■ **TASK PROMPT**:
Please retype the entries below word for word, passing over every picture.

Items from a dataset

################

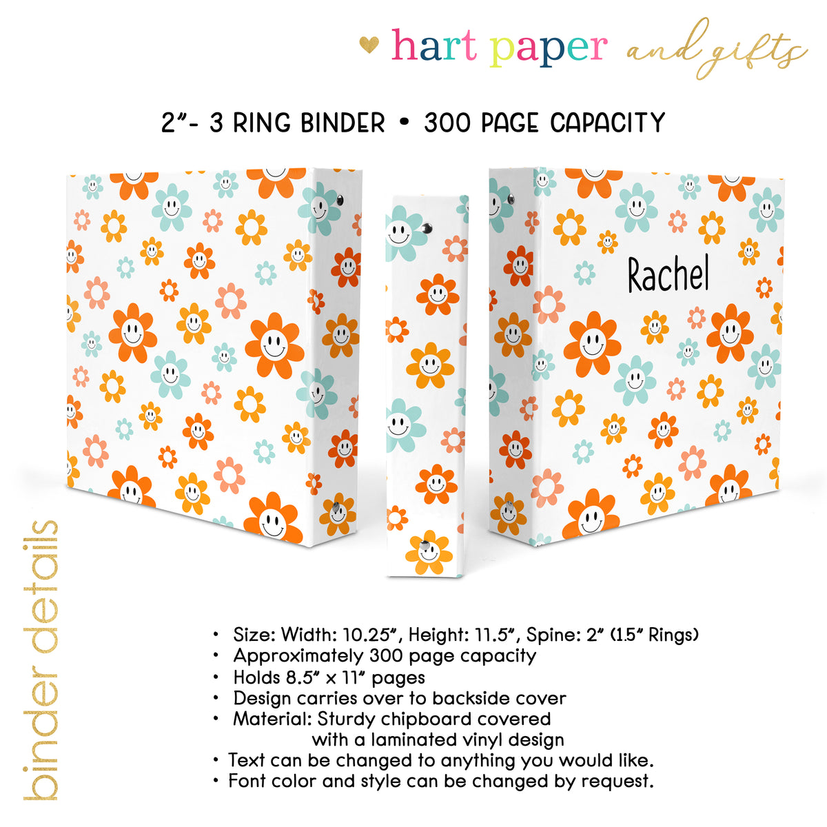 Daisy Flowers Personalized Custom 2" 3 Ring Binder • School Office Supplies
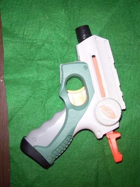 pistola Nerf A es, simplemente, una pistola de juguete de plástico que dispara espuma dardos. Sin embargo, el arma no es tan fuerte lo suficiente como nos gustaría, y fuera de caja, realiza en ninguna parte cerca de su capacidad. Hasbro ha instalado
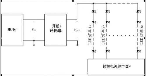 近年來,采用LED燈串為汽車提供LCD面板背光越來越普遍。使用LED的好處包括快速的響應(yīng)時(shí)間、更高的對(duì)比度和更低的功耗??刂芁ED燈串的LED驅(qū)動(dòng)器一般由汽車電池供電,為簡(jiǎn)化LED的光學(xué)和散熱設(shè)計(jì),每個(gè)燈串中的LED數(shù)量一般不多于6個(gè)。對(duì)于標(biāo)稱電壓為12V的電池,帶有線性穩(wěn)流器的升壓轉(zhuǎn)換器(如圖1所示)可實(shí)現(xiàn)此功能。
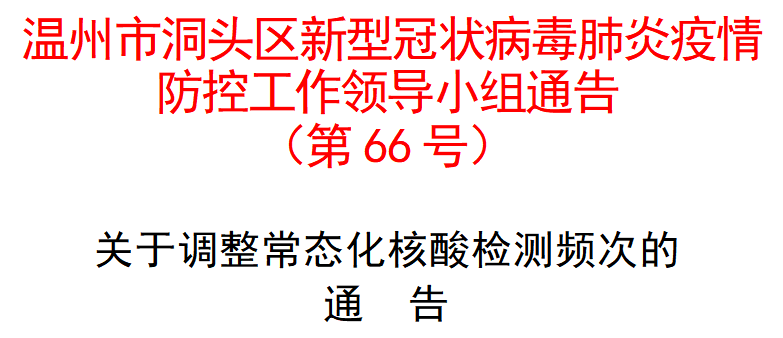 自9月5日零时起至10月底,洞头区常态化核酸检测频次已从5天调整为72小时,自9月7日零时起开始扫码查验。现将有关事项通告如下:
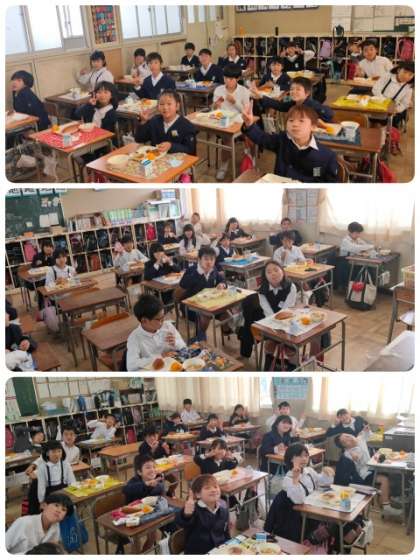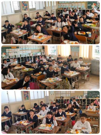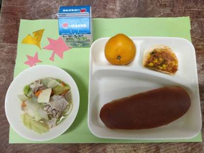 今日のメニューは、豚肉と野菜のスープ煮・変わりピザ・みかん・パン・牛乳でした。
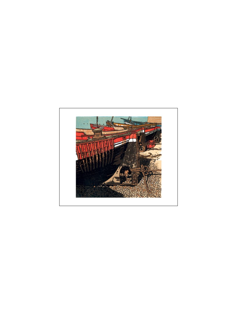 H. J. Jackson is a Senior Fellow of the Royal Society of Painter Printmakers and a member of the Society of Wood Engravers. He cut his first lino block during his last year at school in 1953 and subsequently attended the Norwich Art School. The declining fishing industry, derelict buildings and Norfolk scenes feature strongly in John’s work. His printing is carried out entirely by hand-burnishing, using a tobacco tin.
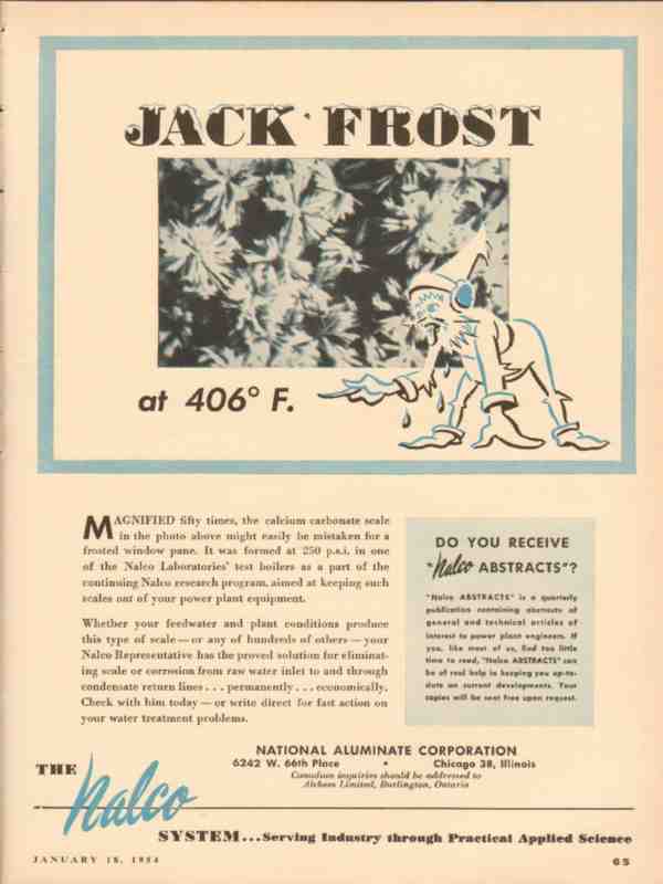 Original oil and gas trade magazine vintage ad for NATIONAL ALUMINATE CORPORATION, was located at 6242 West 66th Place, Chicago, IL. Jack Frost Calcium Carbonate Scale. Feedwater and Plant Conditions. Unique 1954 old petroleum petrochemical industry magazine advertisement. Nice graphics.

################

■ **RESPONSE TO THIS EXERCISE**:
 Daisy Flowers Personalized Custom 2" 3 Ring Binder • School Office Supplies
 pistola Nerf A es, simplemente, una pistola de juguete de plástico que dispara espuma dardos. Sin embargo, el arma no es tan fuerte lo suficiente como nos gustaría, y fuera de caja, realiza en ninguna parte cerca de su capacidad. Hasbro ha instalado
 近年來,采用LED燈串為汽車提供LCD面板背光越來越普遍。使用LED的好處包括快速的響應(yīng)時(shí)間、更高的對(duì)比度和更低的功耗??刂芁ED燈串的LED驅(qū)動(dòng)器一般由汽車電池供電,為簡(jiǎn)化LED的光學(xué)和散熱設(shè)計(jì),每個(gè)燈串中的LED數(shù)量一般不多于6個(gè)。對(duì)于標(biāo)稱電壓為12V的電池,帶有線性穩(wěn)流器的升壓轉(zhuǎn)換器(如圖1所示)可實(shí)現(xiàn)此功能。
 自9月5日零时起至10月底,洞头区常态化核酸检测频次已从5天调整为72小时,自9月7日零时起开始扫码查验。现将有关事项通告如下:
 今日のメニューは、豚肉と野菜のスープ煮・変わりピザ・みかん・パン・牛乳でした。
 H. J. Jackson is a Senior Fellow of the Royal Society of Painter Printmakers and a member of the Society of Wood Engravers. He cut his first lino block during his last year at school in 1953 and subsequently attended the Norwich Art School. The declining fishing industry, derelict buildings and Norfolk scenes feature strongly in John’s work. His printing is carried out entirely by hand-burnishing, using a tobacco tin.
 Original oil and gas trade magazine vintage ad for NATIONAL ALUMINATE CORPORATION, was located at 6242 West 66th Place, Chicago, IL. Jack Frost Calcium Carbonate Scale. Feedwater and Plant Conditions. Unique 1954 old petroleum petrochemical industry magazine advertisement. Nice graphics.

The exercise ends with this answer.